Clearing Up What Happens When Converting Between Traditional and Roth IRAs

Howard Hook CFP®, CPA, quoted in The Star Ledger's business column, "Biz Brain" on April 15, 2012

Question: I converted a traditional IRA to a Roth IRA in 2011 and I am not eligible to contribute to a Roth IRA for 2011. An earlier Ask The Biz Brain column said I should be able to open a non-deductible IRA account and immediately convert it to Roth IRA. It sounds too good to be true. Can we do this every year, and would I have to pay taxes on the contribution? And after a conversion to a Roth, do I need to close the traditional IRA account? And finally, can I distribute the 2011 traditional to Roth conversion tax burden (my earlier 2011 conversion) over two years, for 2011 and 2012? – AK

Answer: That which sounds too good to be true usually is, but not in this case. Call it a loophole, and you can do it each and every year. Roth IRA contributions are subject to phase-outs based on your modified adjusted gross income, and if you earn too much, you can't contribute to a Roth at all, said Gail Rosen, a Martinsville-based certified public accountant. “For high-income taxpayers, this can reduce or completely eliminate the amount an individual can contribute to a Roth IRA once their income exceeds $169,000 for those married filing jointly, or $107,000 for singles,” Rosen said.

But you still have the traditional option. To make the roundabout Roth contribution, you would first make a non-deductible traditional IRA contribution. You can then immediately transfer that contribution to a Roth IRA, no questions asked. If you make the move from traditional to Roth quickly, you probably won't owe any taxes. The only taxes you'd owe would be on any earnings in the account. If you convert quickly, the account won't have much time, if any, to earn anything, said Howard Hook, a certified financial planner and certified public accountant with EKS Associates in Princeton. Hook said you can keep the traditional IRA account open after you make the conversion, but you'll also need to file Form 8606, which shows the conversion.

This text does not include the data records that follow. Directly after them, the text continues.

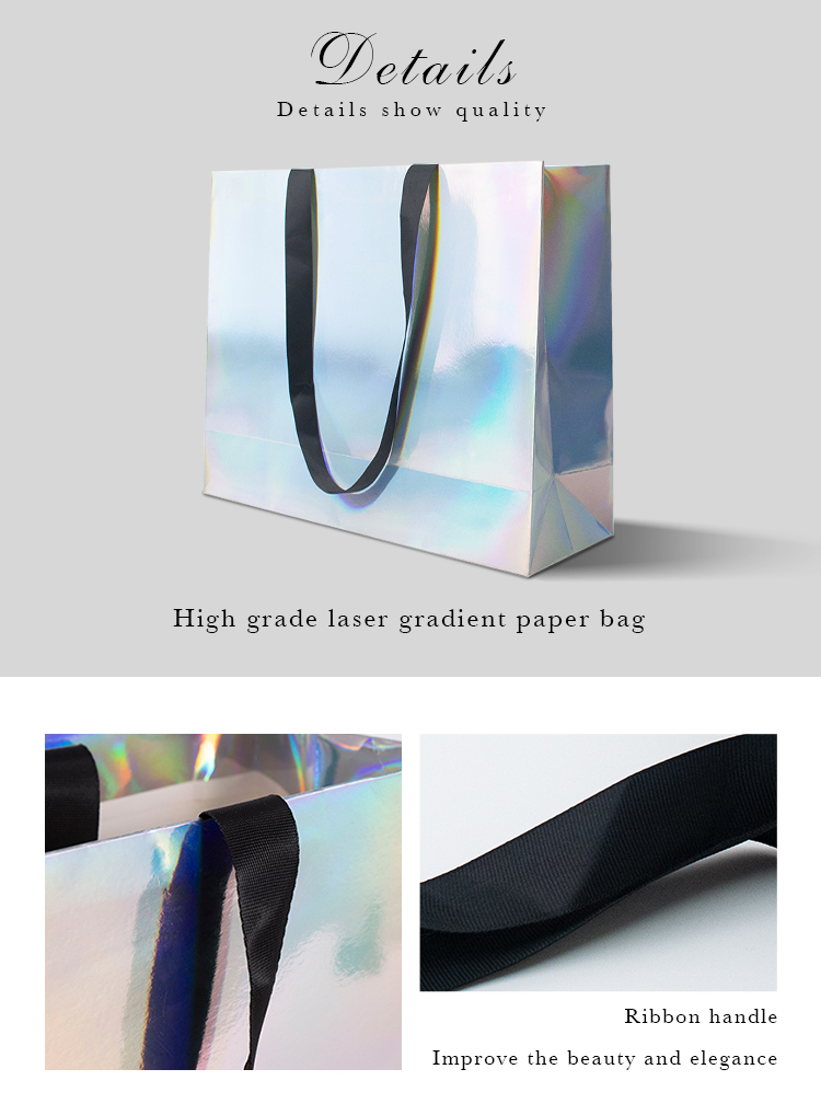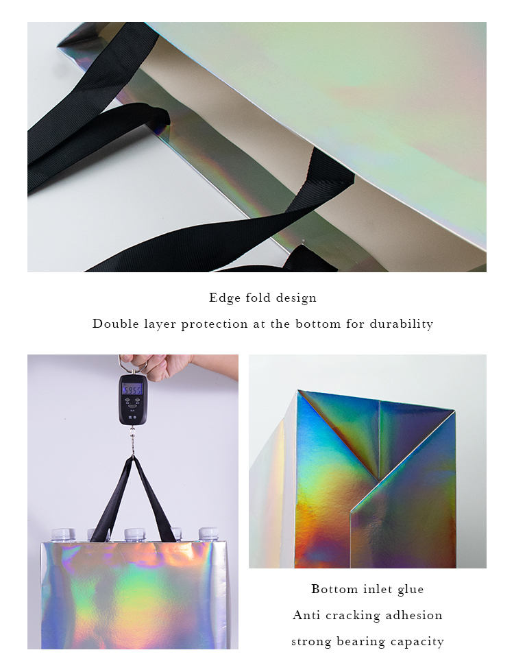 Custom your own logo shiny cardboard paper bag gifts shopping laser color holographic special paper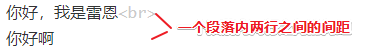 (2)其次,如果要只换行,而不另起一个段落,则需要使用<br/>或<br/>或按下Shift+Enter键,这时候不会另起一段,两行仍然在一个段落里面,此时间距是比较小的,如下所示: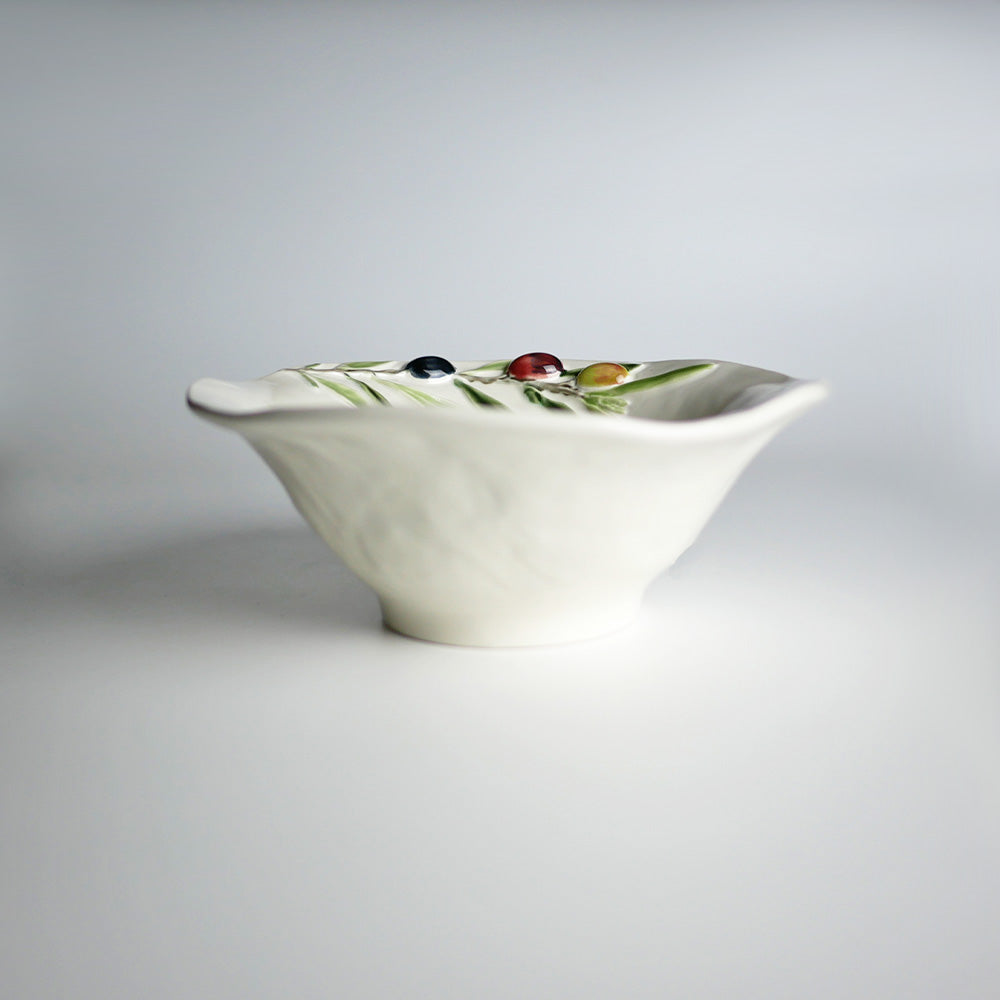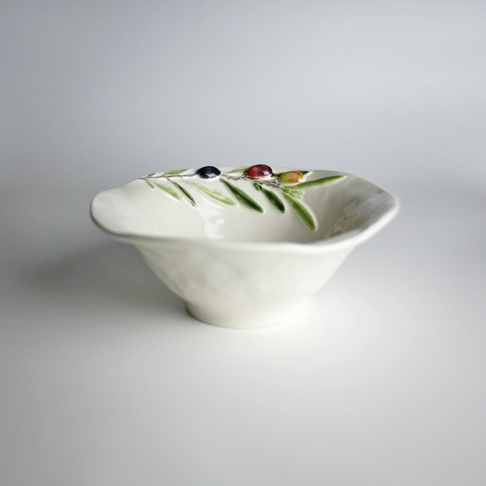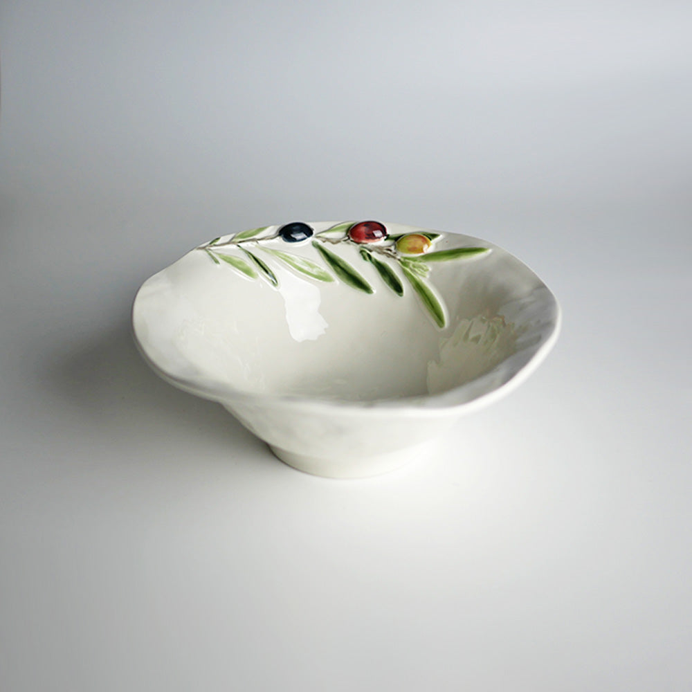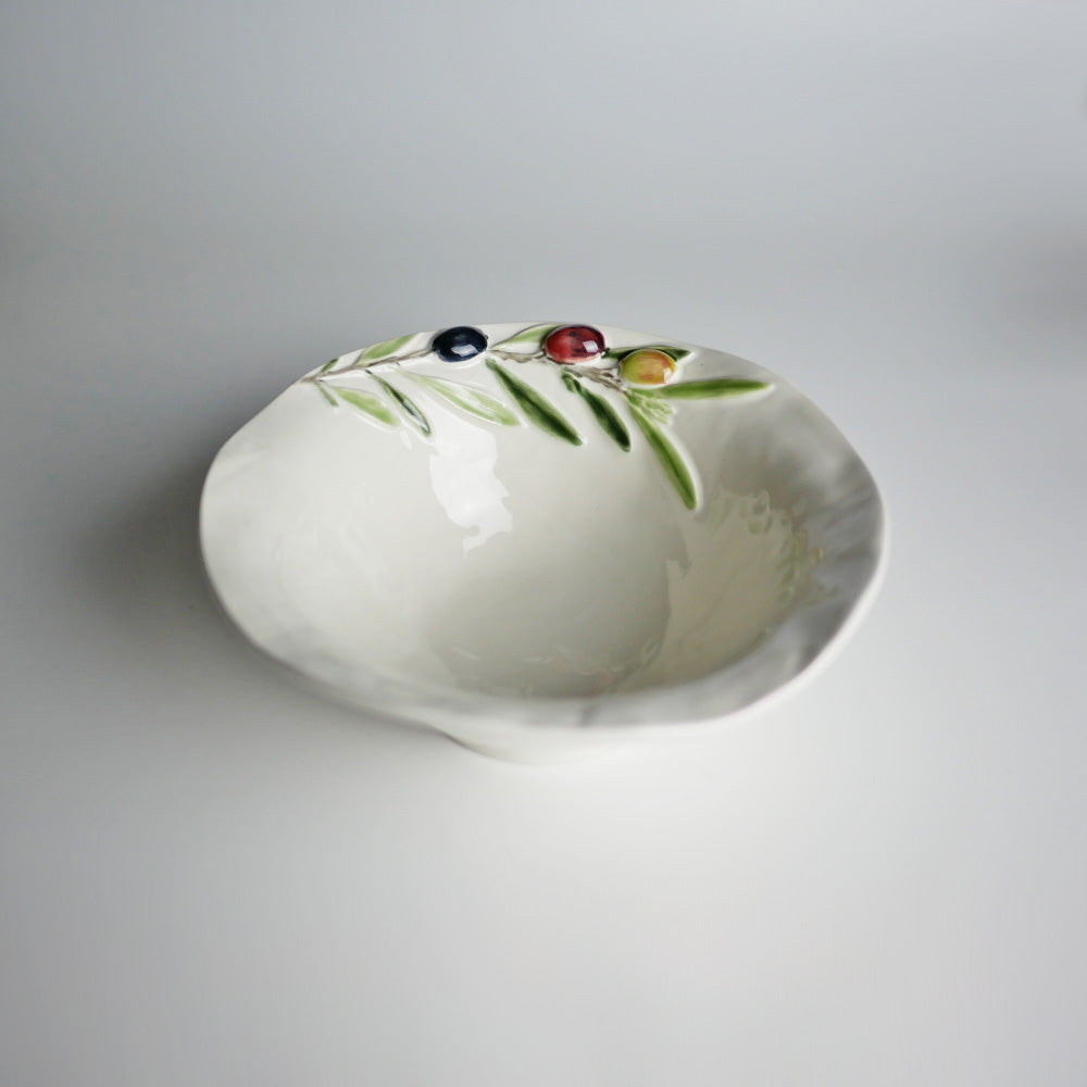 ハンドメイドでひとつひとつ丁寧に繊細に表現されたオリーブの実と枝葉。アートの様な美しいプレートたちがテーブルを彩ります。

As far as distributing any tax burden over two years, that's not an option. “If you mean spreading the tax over two years for your 2011 conversion, the answer is no,” Hook said. “That was only available for 2010 conversions.” You still have a couple of days to make this happen before the April 17 tax filing deadline. Before you make the move, speak to your brokerage house and make sure the conversion can happen fast enough for you to submit the proper paperwork with your return.